> _Task_:
Copy, exactly as written, the lines that begin at the one containing "4月16日在青海省海北藏族自" and end at the one containing "be quiet! System". Skip any pictures in the data below.

> _Data provided_:
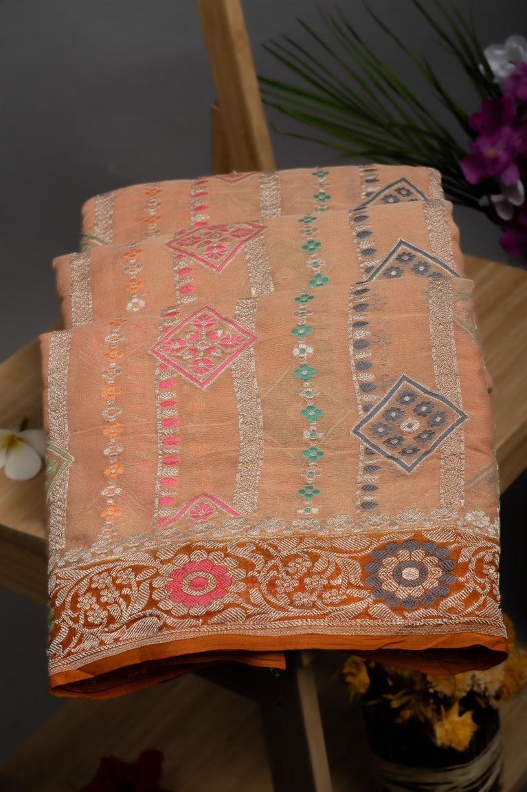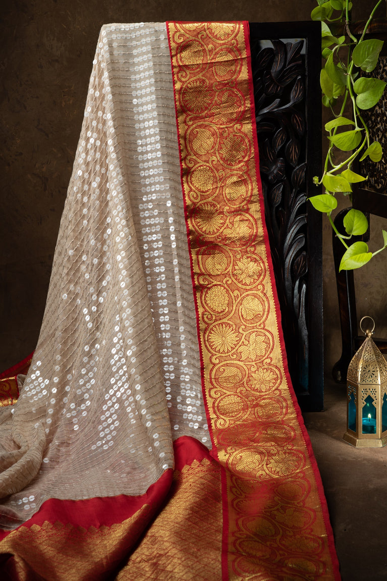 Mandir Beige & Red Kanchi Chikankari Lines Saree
--
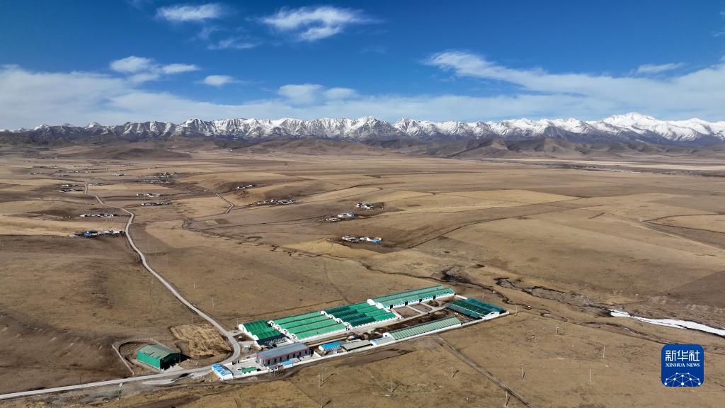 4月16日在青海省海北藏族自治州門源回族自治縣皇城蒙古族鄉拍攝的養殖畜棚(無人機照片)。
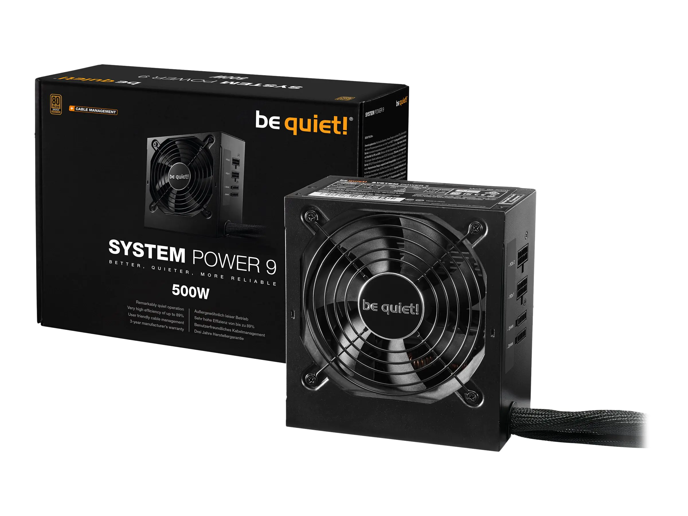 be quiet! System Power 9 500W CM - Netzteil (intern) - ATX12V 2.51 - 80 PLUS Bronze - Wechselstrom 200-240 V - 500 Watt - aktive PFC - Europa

> _Task result_:
 4月16日在青海省海北藏族自治州門源回族自治縣皇城蒙古族鄉拍攝的養殖畜棚(無人機照片)。
 be quiet! System Power 9 500W CM - Netzteil (intern) - ATX12V 2.51 - 80 PLUS Bronze - Wechselstrom 200-240 V - 500 Watt - aktive PFC - Europa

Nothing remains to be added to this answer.